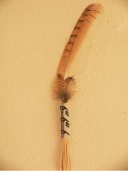 Gebetsfeder Uhu. Perlengriff gut 10 cm lang, verziert mit Uhuflaum und Stein beige. ***verkauft***
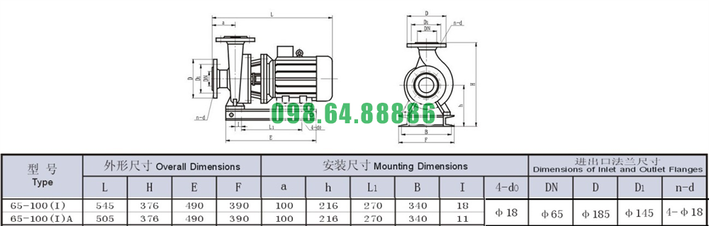 Bản vẽ cấu tạo và kích thước bơm li tâm trục ngang SLW65-ISW65-125-I động cơ 5.5 kw năng suất 72.5%
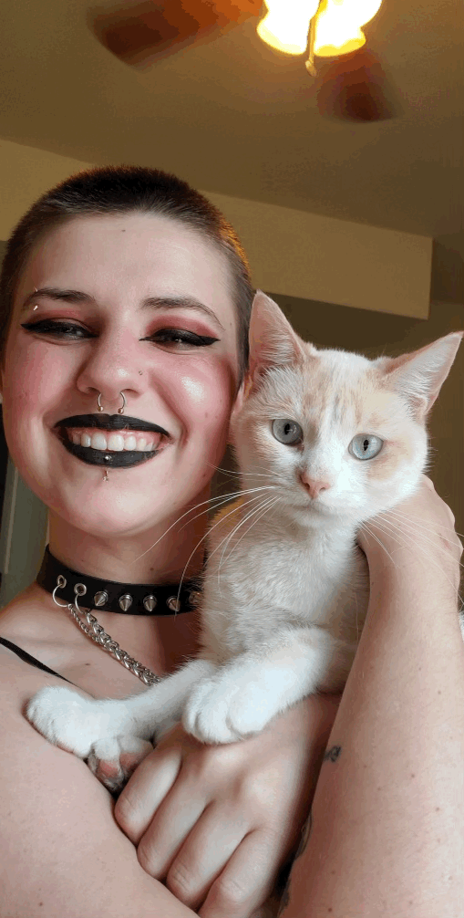 Carmen is a special needs kitty with Cerebellar Hypoplasia and suffered from giardia and a herpes flare as a kitten. She is now healthy, full of life, and runs the household even though she is years younger than her 3 cat siblings. Carmen enjoys “bunny hopping” around the house, chasing after her dad, and playing with her favorite toy - a stuffed pickle.
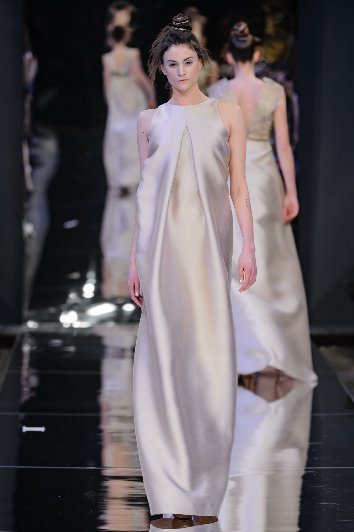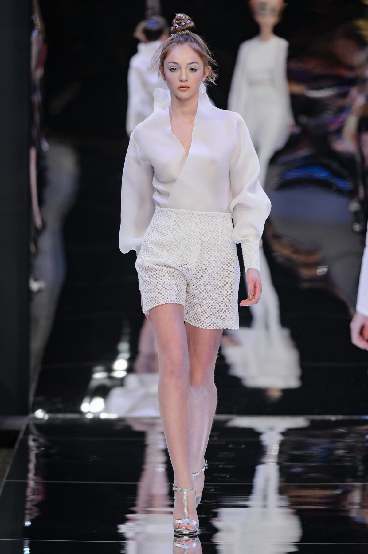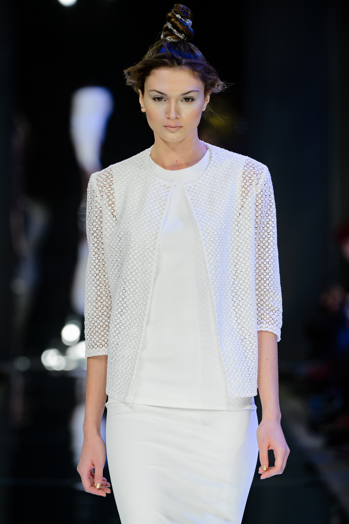 L’intaglio della pietra per creare lo Jaali viene interpretato da Sabrina Persechino nella creazione del macramè geometrico che diventa elemento di forza e trasparenza negli abiti bianchi dalle forme lineari e pulite. Una trama nodosa a base quadrata a disegnare una griglia ornamentale che lascia spiare la siluette esaltandone la femminilità.

To do: Quote the listing above in full, except for the pictures.

Answer section:
 Gebetsfeder Uhu. Perlengriff gut 10 cm lang, verziert mit Uhuflaum und Stein beige. ***verkauft***
 Bản vẽ cấu tạo và kích thước bơm li tâm trục ngang SLW65-ISW65-125-I động cơ 5.5 kw năng suất 72.5%
 Carmen is a special needs kitty with Cerebellar Hypoplasia and suffered from giardia and a herpes flare as a kitten. She is now healthy, full of life, and runs the household even though she is years younger than her 3 cat siblings. Carmen enjoys “bunny hopping” around the house, chasing after her dad, and playing with her favorite toy - a stuffed pickle.
 L’intaglio della pietra per creare lo Jaali viene interpretato da Sabrina Persechino nella creazione del macramè geometrico che diventa elemento di forza e trasparenza negli abiti bianchi dalle forme lineari e pulite. Una trama nodosa a base quadrata a disegnare una griglia ornamentale che lascia spiare la siluette esaltandone la femminilità.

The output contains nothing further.